Dice Aristóteles (un filósofo que vivió en Grecia hace muuuucho tiempo, en el siglo IV a. de C.) que los hombres, las personas, “-ahora y desde el principio- comenzaron a filosofar al quedarse maravillados ante algo”. Primero se maravillaron ante los fenómenos sorprendentes más comunes (como un niño cuando ve llover por primera vez); pero, después, al ir progresando poco a poco, se sintieron también perplejos “ante las cosas de mayor importancia, por ejemplo, ante las peculiaridades de la luna, y las del sol y los astros, y ante el origen del Todo”. Seguro que conoces esta sensación de perplejidad: todos la hemos sentido desde bien pequeños, aunque muchos, cuando crecemos, la vamos olvidando, tapando. Nosotros y nosotras vamos a intentar, tanto dentro como fuera de clase, despertar y mantener despierta esa perplejidad, esa capacidad de admirarnos ante todo lo que nos rodea. Porque estamos vivos y, como dicen que dijo otro gran filósofo de la antigüedad, “una vida sin reflexión no es digna de ser vivida”.

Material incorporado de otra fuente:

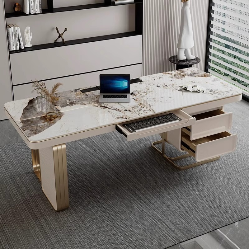 This modern Solid Marble Office Desk pairs refined aesthetics with everyday practicality. Featuring a 6mm Italy-imported rock slab tabletop, it offers a smooth, high-gloss surface that’s scratch-resistant and built to last. The 304 stainless steel gold-plated corners and elegant curved edges provide both impact resistance and a luxe, contemporary look. Designed for convenience, it includes a USB port and three-hole socket with a 210cm power cord, compatible with both floor and wall outlets—ideal for fast charging your devices during meals or meetings. Three solid pine wood drawers add natural warmth and practical storage to the base, while the table’s sturdy build ensures long-term durability.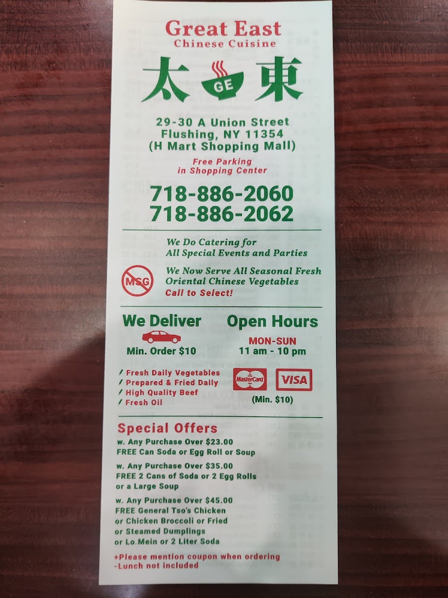 Welcome to Great East, your ultimate destination for authentic Chinese fast food nestled in the heart of Flushing, NY. With a focus on quality and flavor, this local gem excels in delivering delicious meals in a clean and inviting environment. Great East has carved a niche for itself, offering a diverse menu that ranges from Szechuan beef to shrimp fried rice, ensuring a delightful culinary experience for everyone.

Nos cuenta Platón que Sócrates (no el futbolista sino el filósofo) afirmó que “una vida sin reflexión no merece la pena ser vivida”. ¿Qué pudo querer decir con eso? ¿Cómo es una vida sin reflexión? Nosotros pensamos que desde bien temprano nos brotan preguntas filosóficas sobre nosotros y el mundo… pero a medida que pasan los años, las vamos tapando. ¿Cómo serían el mundo y nuestras vidas sin tapar nuestras preguntas filosóficas, aquellas mediante las que nos preguntamos por el sentido de nuestras vidas, por la razón por la que hacemos lo que hacemos, por la causa de que las cosas sean como son y no de otra manera?